Passover 2000
by Stephen Eastman
Many Christian families and churches are adding Passover to their annual calendars of events celebrating it as loyally as they do Christmas. More experimentally, Christians are celebrating Sukkot (Festival of Tabernacles), Yom Kippur (Day of Atonement), Shavuot, Hanukkah and other Jewish holidays. Many are also learning and practicing other customs such as the M’zuzah (Scripture on the door frame of the home) and observing dietary laws.
My family has been celebrating Passover and Sukkot for many years now. Since 1993 our church, Maple Hill United Brethren Church, has hosted large carry-in Passover dinner events that constitute a shortened version of a family Passover. These celebrations are creative worship events, but also train families how to have their own Passover dinner at home.
Maple Hill Church also has been regularly celebrating the fall holiday Sukkot – The Festival of Tabernacles. We have a particular affinity with that holiday, because it teaches us how God provides for our needs today as he did with the Children of Israel who had temporary dwellings in the wilderness.

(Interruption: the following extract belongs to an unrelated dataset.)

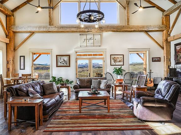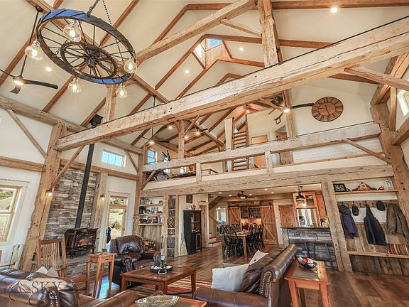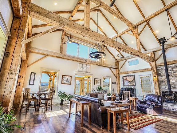 The heart of this custom home is an historic timber framed barn originally built circa 1840. Completely and carefully restored, the massive hand hewn beams in the expansive great room set the tone for the refined rustic interior. The home has 5 bedrooms, 3.5 baths, a master suite with a luxury bath, sitting area/office and coffee bar. Situated on 16 acres a few miles east of the town of Big Timber, Montana. Panoramic views of the Beartooth mountains, Gallatin National Forest and the valley greet you out every window. Just a one hour drive from Billings and Bozeman, it’s hard to beat the combination of convenience and seclusion this property offers. Much care was taken in design and construction to maximize the home's energy efficiency. Equipped with in-floor radiant heating, a beautiful wood burning stove, propane heat stove. The property has an RV pad with full hook ups, as well as a 12x24 building that could be finished as a guest house or office.

Our church burned down in September of 1997 and we have learned that all physical things, like our building, are temporal – temporary dwellings, but people are eternal and our true house of worship awaits us in heaven. We built the traditional Jewish Sukkah (a temporary dwelling) on our new property prior to the beginning of our building project.

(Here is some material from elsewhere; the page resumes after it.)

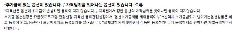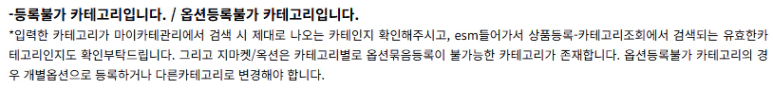 안녕하세요 제인 대표님~ 옥션에서 발생하는 오류의 경우 미출력으로 설정해주시면 되는 오류가 맞아요~ 지마켓의 경우 제가 섬유탈취제 카테고리로 검색해보니 옵션이 등록된 제품이 있어서 카테고리 자체에는 문제가 없는것 같아요 해당 상품의 마이카테 값을 한번 점검해보시고, 웹유플랫 -> 마이카테관리에서 해당 마이카테를 검색했을 때 오류가 없는지도 함께 봐주시면 좋을것 같습니다.

On Sunday, April 16 (four days before the actual Passover begins) Maple Hill Church will present a complete demonstration of the Passover Dinner for Christians. It will include an explanation of the Jewish symbols and how they apply to our faith. Some of the traditional foods of the Passover dinner will be there for sampling after the presentation and recipe cards will be available. This event is designed to both teach the truths of Passover and train families for having their own personal family Passovers.
Maple Hill Church is meeting Sundays at 9:30 am at Huntington Woods Elementary School on Byron Center Avenue just north of 44th Street in Wyoming, Michigan, a suburb of Grand Rapids, Michigan.